2. What 17.2 GPG Does to Your Abilene Home
At 17.2 GPG, calcium carbonate doesn't just coat your water heater elements — it encases them like concrete. Within 18 months of installation, a standard 40-gallon electric water heater in Abilene loses 35-40% of its heating efficiency. The calcium and magnesium ions crystallize when heated, forming rock-hard deposits that insulate heating elements from the water they're trying to warm.
Your water heater isn't just working harder — it's slowly destroying itself. Abilene's mineral-rich water forces heating elements to operate at higher temperatures to compensate for the insulating scale layer. This thermal stress causes elements to crack and fail 60% sooner than in soft-water cities. What should be a 10-year appliance becomes a 4-year expense.
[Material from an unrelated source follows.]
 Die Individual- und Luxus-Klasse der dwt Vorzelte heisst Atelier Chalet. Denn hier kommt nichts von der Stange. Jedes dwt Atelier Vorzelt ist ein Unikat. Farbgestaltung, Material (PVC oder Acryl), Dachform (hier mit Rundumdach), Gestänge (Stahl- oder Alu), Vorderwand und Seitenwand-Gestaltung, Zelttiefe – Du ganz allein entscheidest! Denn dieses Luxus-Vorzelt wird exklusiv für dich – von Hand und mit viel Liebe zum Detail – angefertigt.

Inside Abilene's older galvanized steel pipes, 17.2 GPG water creates a different problem entirely. The calcium and magnesium don't just coat the pipe walls — they bond with iron oxide to create an ever-thickening mineral crust. In homes built before 1980, this process can reduce a 3/4-inch pipe to half its diameter within 8-10 years.
The calcite crystallization happens fastest at connection points where water turbulence is highest. Elbows, tees, and valve connections in Abilene homes show measurable narrowing within three years of exposure to 17.2 GPG water. Water pressure drops gradually, so homeowners often don't notice until the damage is severe.
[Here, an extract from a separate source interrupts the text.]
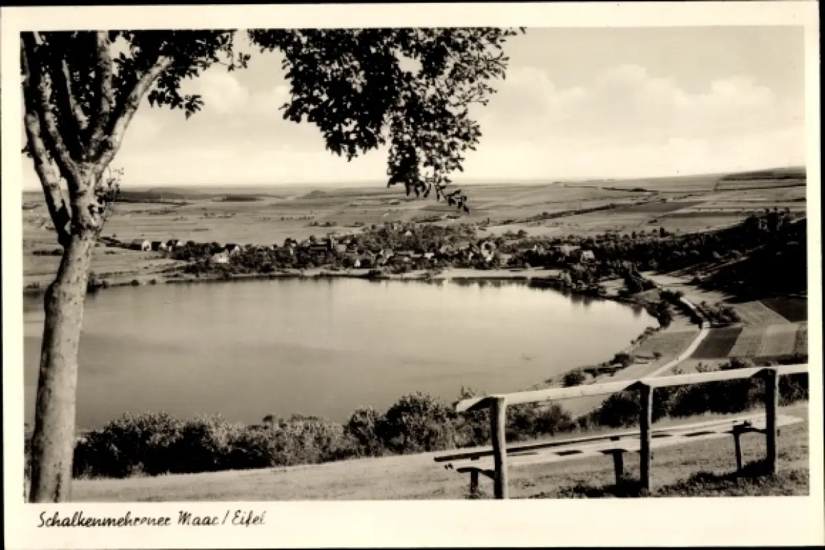Ak Schalkenmehren in der Eifel, Maar, Ort, Fernsicht

Appliance manufacturers know about Abilene's water problem — many void warranties on tankless water heaters installed without water softeners in areas above 7 GPG. At 17.2 GPG, your dishwasher's spray arms clog within months. The internal heating element develops a calcium shell that makes proper sanitization impossible. Your washing machine's pumps strain against mineral buildup until they overheat and fail.
The soap chemistry tells the story most clearly. In Abilene's 17.2 GPG water, calcium and magnesium ions react with soap molecules to form insoluble scum instead of cleaning lather. An Abilene household uses 3-4 times more laundry detergent, dish soap, and shampoo compared to soft-water cities — adding approximately $480 annually in cleaning product costs.
Your skin and hair become unwilling participants in Abilene's mineral experiment. Calcium ions strip natural moisture from skin cells, leaving behind a tight, dry feeling that no amount of lotion seems to fix. Hair shafts become coated with mineral deposits, making them dull, brittle, and impossible to manage.
White cotton clothes washed in Abilene's 17.2 GPG water turn grey within six months. The mineral deposits bond to fabric fibers, making clothes feel scratchy and stiff even with fabric softener. Dark colors fade faster as calcium carbonate creates a chalky film over fabric dyes.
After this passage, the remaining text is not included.